The following articles offer very little to investors in the way of discernable facts, but rather perpetrate the rumors and speculate thereupon and as investors we all deserve better (see here and here). After reading these articles, investors were unfortunately still left to question whether an offer had ever been delivered to SodaStream or not.
The worst part about the onslaught of reporting that ensued thereafter the first set of rumors circulating a buyout of SodaStream was the lack of knowledge-based information available to investors. I must have personally read 50-75 different articles, all speculating and regurgitating the same set of information and offering little if any course of action for the average investor. And then as expected came the short players who hoped to capitalize on the rumors, knowing very little about the business of SodaStream and what has made it such a successful company over the last 7 years. Followed by the short speculators were the few who had a similar understanding of SodaStream's business. For each and every article citing the potential buyout rumors of SodaStream, commentary followed. The purpose of this article will be to provide logical reasoning for investors to consider regarding the latest rumors and provide a better understanding of what the major beverage producers are up against based on their business and the business of SodaStream.
Most comments on the articles recently published focused on the belief that neither PEP nor KO would buyout SodaStream. While I wouldn't argue the validity of these comments, it's the reasoning for such a belief that fails to accommodate logic when one hopes to better understand a company's business and/or structure. The common misconception or belief that most market participants have when discussing a possible tie-up between SodaStream and a major beverage producer is that these major producers don't need SODA and they can simply sell their own competing syrups to take market share away from SODA. Some even believe that KO or PEP could produce their own soda makers and drive SODA out of the market altogether, yet here we are 7 years since SODA's initial market expansion began and none of the big boys are playing ball in this market arena. I don't want readers to be confused by the information within this article, so with that said let's all accept that, in the marketplace anything is possible, but most things are unlikely. With that widely accepted understanding let's move forward. While I accept that KO or PEP could quite easily manufacture and produce their own syrups for sale in like packaging to that of SodaStream's and for the very same consumer, I sit here acknowledging some 7 years into a huge land grab by SODA that they have yet to do so.

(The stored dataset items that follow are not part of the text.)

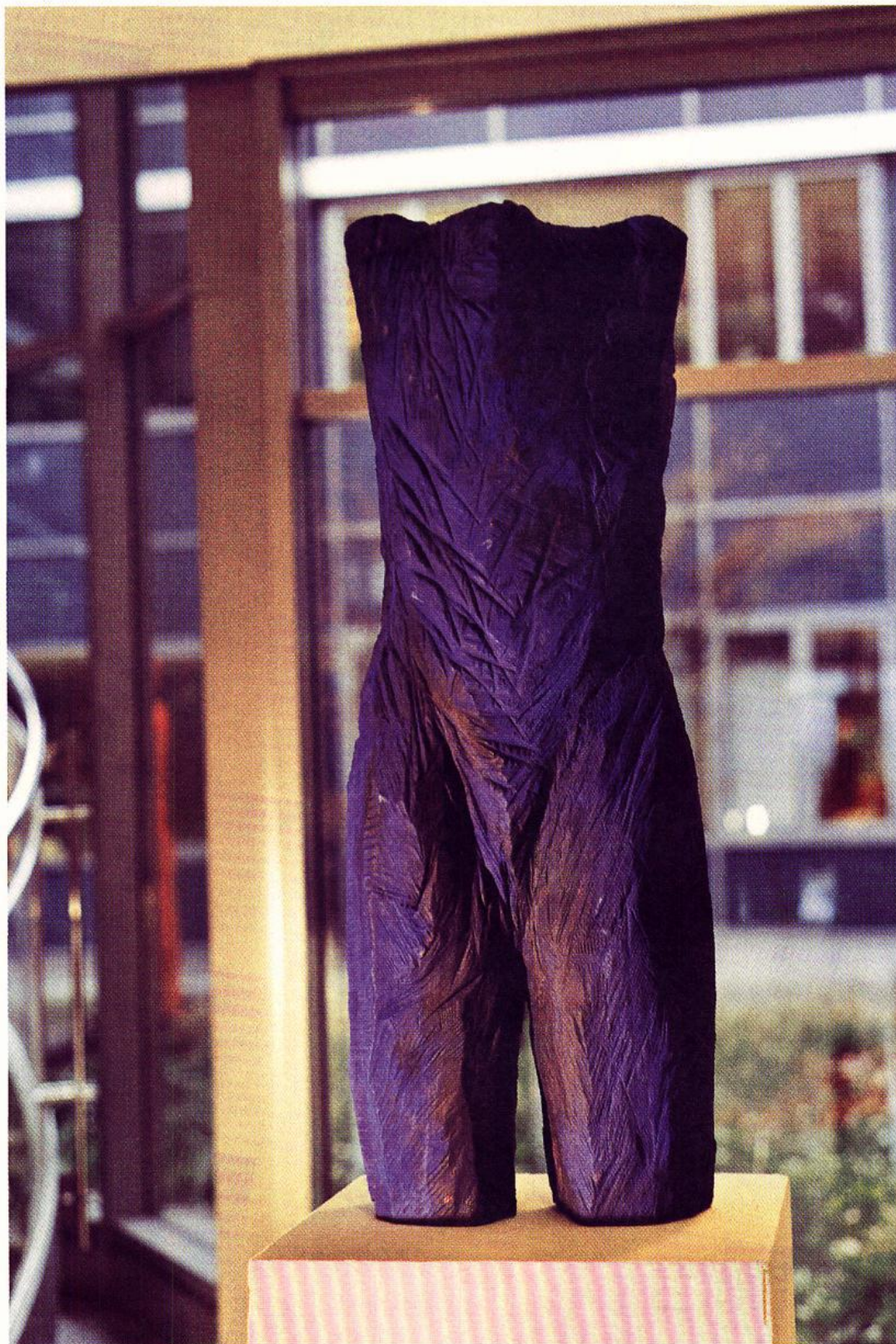
Torso Esche, polychromiert
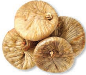
Kuru İncir Dried fig pulp تين مجفف
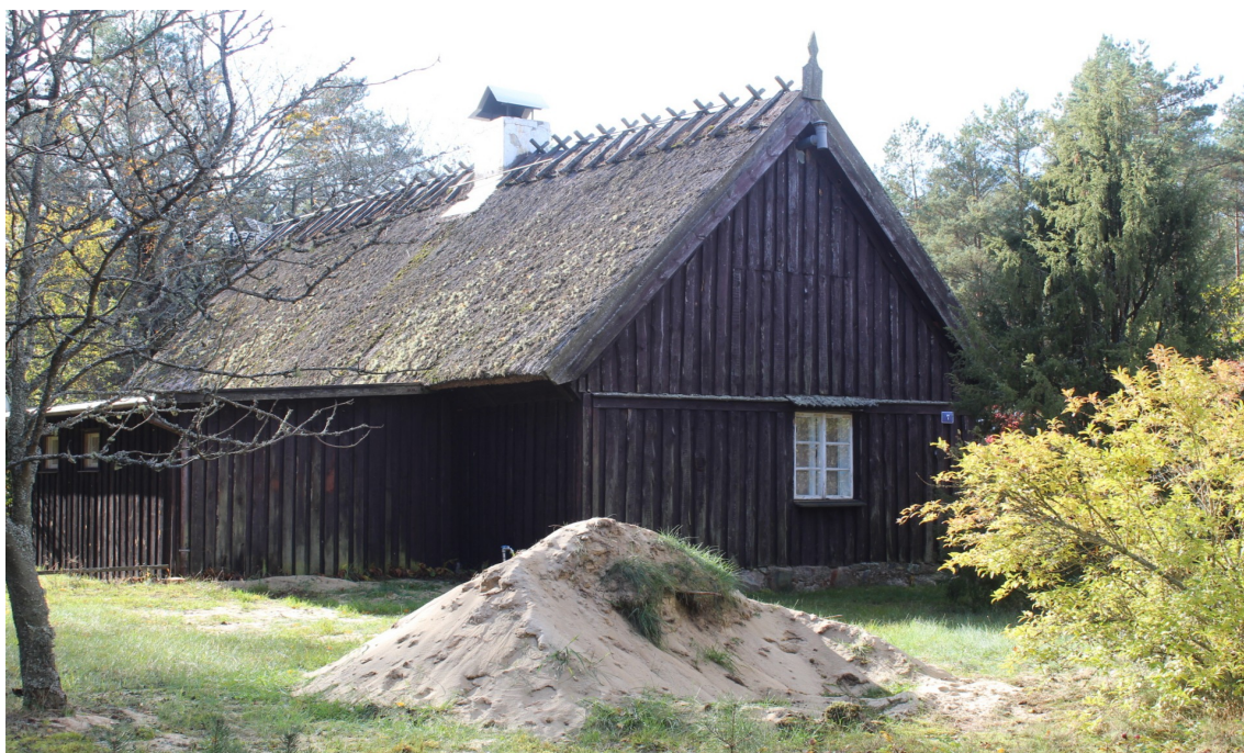
Ilustracja 54. Sepiot 7 - charakterystyczne elementy – zachowana stolarka okienna .

Kolejnym typem mieszkalnej zabudowy drewnianej są domy z użytkowym poddaszem w formie półpiętra – wysokiej ściany kolanowej z wypłaszczonego dwuspadowym dachem. Elewacje dzielone są na dwie części deską okapową. Znaczna część domów posiada okiennice.
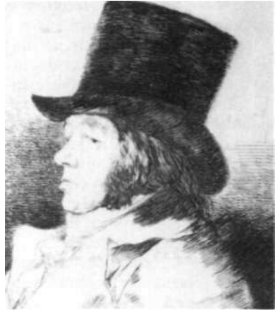
«Autorretrato» de Goya.

DURANTE TODO el mes de mayo seguirá abierta en la Villa Vauban-Galerie d'Art Municipale de Luxemburgo la exposición de 218 grabados de Goya , pertenecientes a las cuatro series de Caprichos , Desastres de la guerra , Tauromaquia y Disparates o Proverbios , que se presenta en esta capital en colaboración con la Ville de Luxembourg-Administration Communale. La exposición, inaugurada el pasado 17 de abril, estará abierta hasta el 3 de junio próximo.
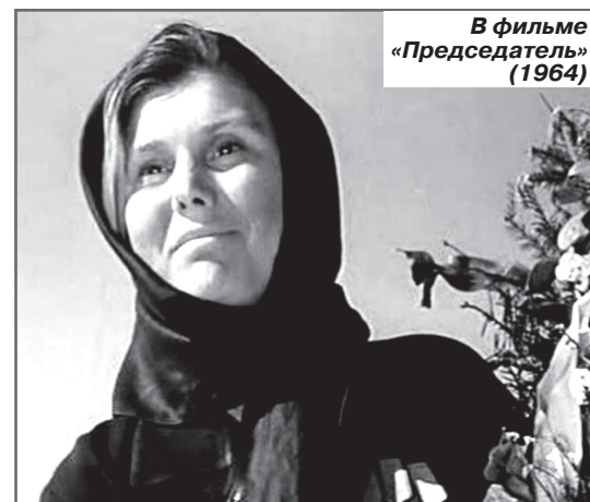
В фильме «Председатель» (1964)
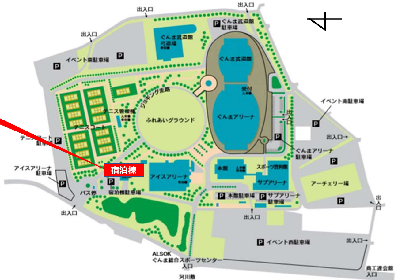
ALSOKぐんま総合スポーツセンター
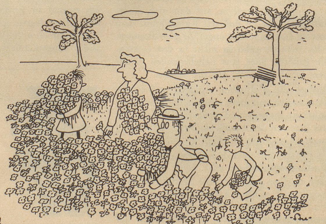
Menschen über der Flur!

«Sie müssen uns unbedingt besuchen, wenn Sie nach Z. kommen.» «Nehmen Sie doch noch, es hat noch viel Poulet in der Küche.» «Ich habe dreimal versucht, Sie anzurufen, aber es hat niemand geantwortet.» «Wir haben Ihnen eine Karte aus Sizilien geschrieben, aber sie muß unterwegs verloren gegangen sein. Meine Schwägerin hat die ihre auch nicht bekommen.»
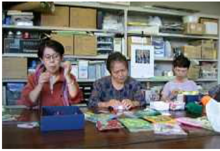
楽しいおしゃべりと編み物
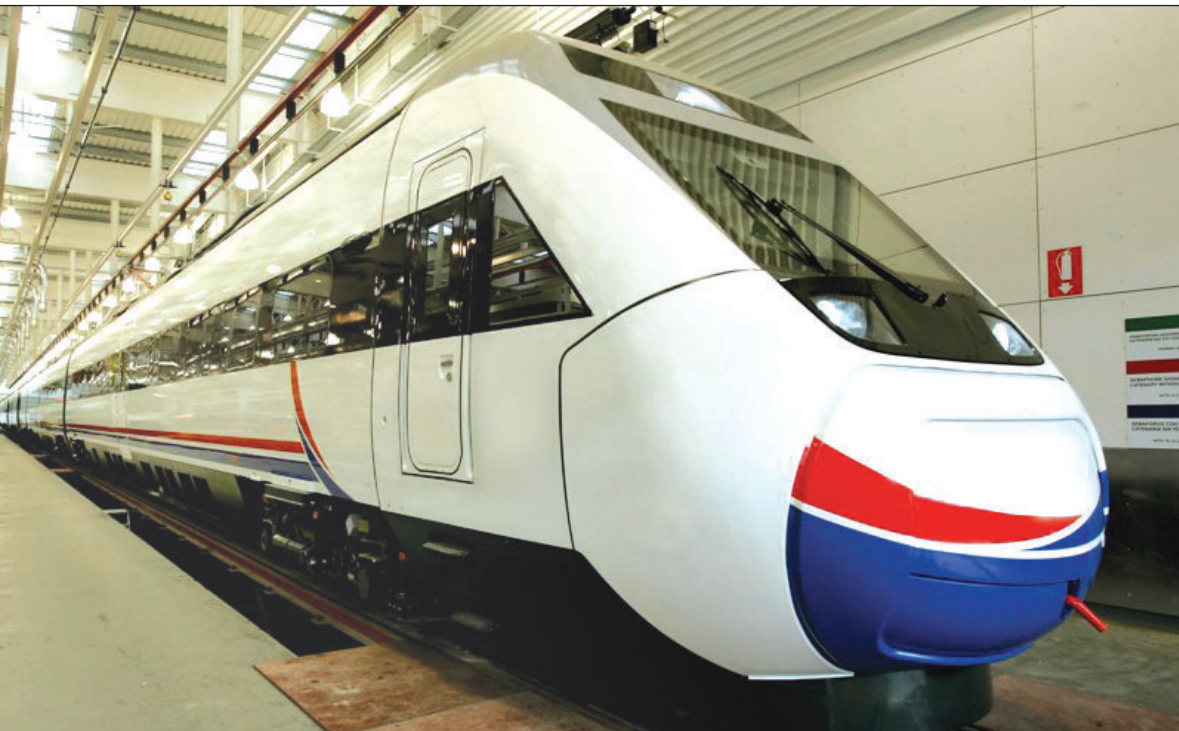
با راه‌اندازی قطار سریع‌السیر اصفهان - تهران:
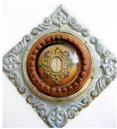
Ant bažnyčios kolonos buvęs relikvijorius. Šiuo metu jis yra bažnyčios pagrindiniame altoriuje. Fot. Jolantos Klietkutės, 2003 m.
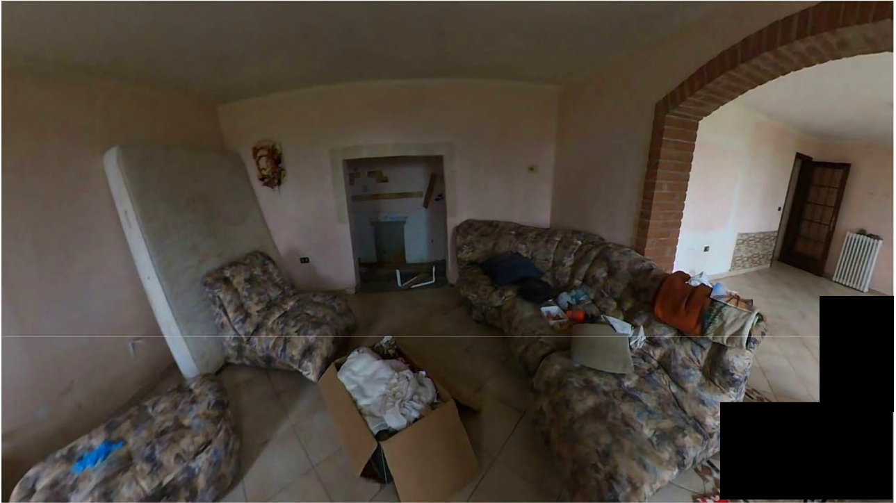
Figura 8 Interni piano terra
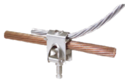
CM .. US
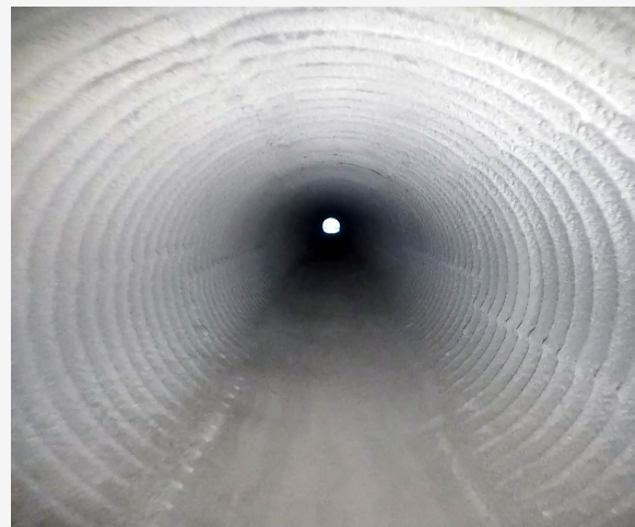
Die Inspektion des mit GeoKrete ausgekleideten Durchlasses nach dem Einbau zeigt die Präzision und Sauberkeit der Anwendung.
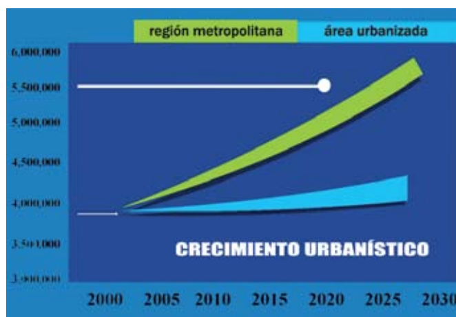
Valores intermedios de crecimiento. Modelo estadístico.

El acelerado crecimiento del parque vehicular, una grave falta de cultura vial, precios elevados en los estacionamientos y la ignorancia e irresponsabilidad de los ciudadanos, son unos de los factores que si no se corrigen, "colapsarán la ciudad en aproximadamente 20 años.
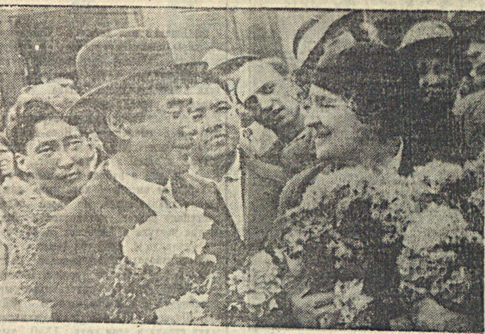
В Москву приехала гастроль казахский музыкальный театр, первое выступление которого состоится 18 мая — в день начала декады казахского искусства. Всего приехало 270 человек. Работники искусства Москвы устроили гостям торжественную встречу. На снимке: народная артистка республики Киппер-Чехова подносит цветы народному артисту Казахстана Шанину.

Но это только первые шаги в исправлении допущенных ошибок. Первые успехи нужно всемерно закреплять, доби-
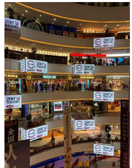
モール内はスシロー一色
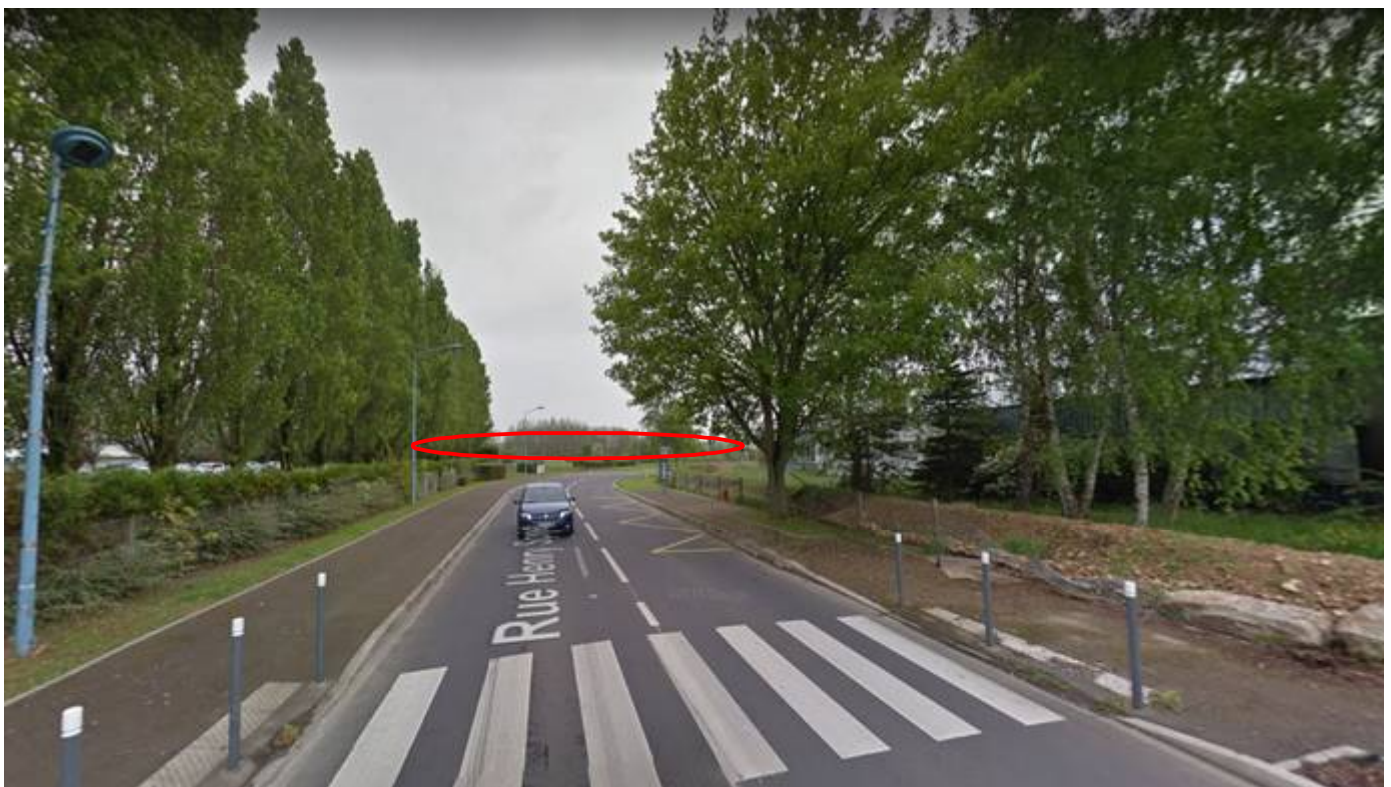
Photo N°2 : Vue du terrain dans son environnement lointain depuis la rue Henry Spriet.
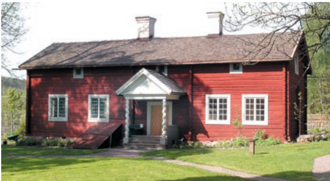
Linnés bröllopsstuga vid Sveden utanför Falun är ett utflyktsmål i sommar som ligger i tiden, med anledning av hans 300-årsdag. Här gifte sig Carl von Linné 1739.
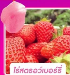
ไร้สตรอว์เบอร์รี่
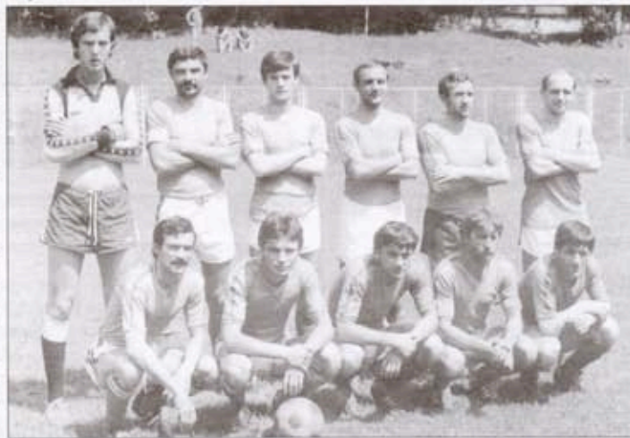
ФК Тешњар 1979. године

шање. Поред Тешњараца, у првим годинама било је и играча из Попара и Баира, а на утакмицама су имали и баварску музичку подршку која
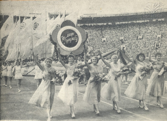
ახალგაზრდობისა და სტუდენტთა VI შრომითი ფესტივალის საზეი- მო გახსნა ე. ა. ლენინის სახელო- ბის ცენტრალურ სტადიონზე.
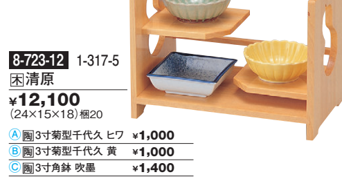
8-723-12 1-317-5 困清原 ¥12,100 (24×15×18) 横20 A 困3寸菊型千代久 ヒワ ¥1,000 B 困3寸菊型千代久 黄 ¥1,000 C 困3寸角鉢 吹墨 ¥1,400
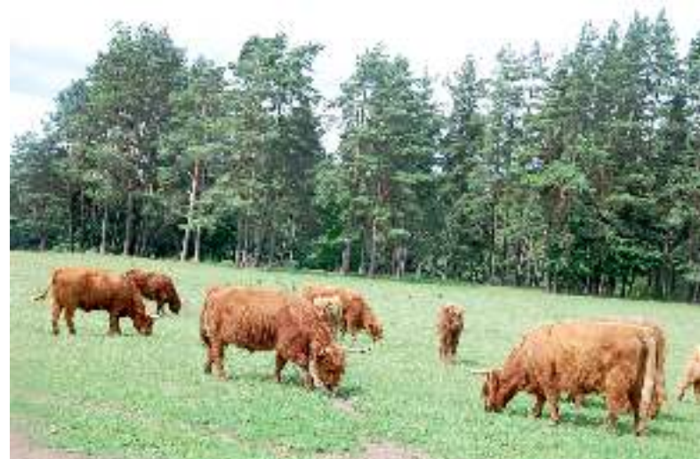
Prie kaimo turizmo sodybos ganosi hailandų banda.
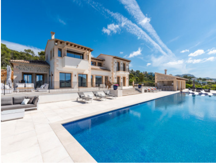
Vista exterior y piscina
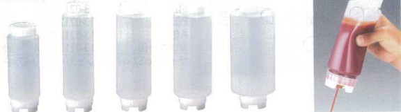
⑦ FIFO (ファイフォ) ボトルディスペンサー [BDPS-11] □

So what is the explanation for KO, PEP or any major beverage company to allow such an event to take place without interceding? There is likely no singular reason, but we can certainly discuss a few.
One concern the major beverage producers would have upon deciding to enter this particular product category is simply the outstanding contracts they have with existing bottlers. Quite simply put, the bottlers would have to ramp up their respective capital expenditures in order to accommodate new production lines. Subsequently or even consequently, now what happens to the capacity utilization of older manufacturing lines and older product categories; what is the long term effect to the business model which basically becomes irrelevant due to the move into the at-home carbonated beverage market? Again, the bottlers have scaled there business alongside that of the major beverage producers and their respective businesses move simultaneously as they are completely dependent upon each other.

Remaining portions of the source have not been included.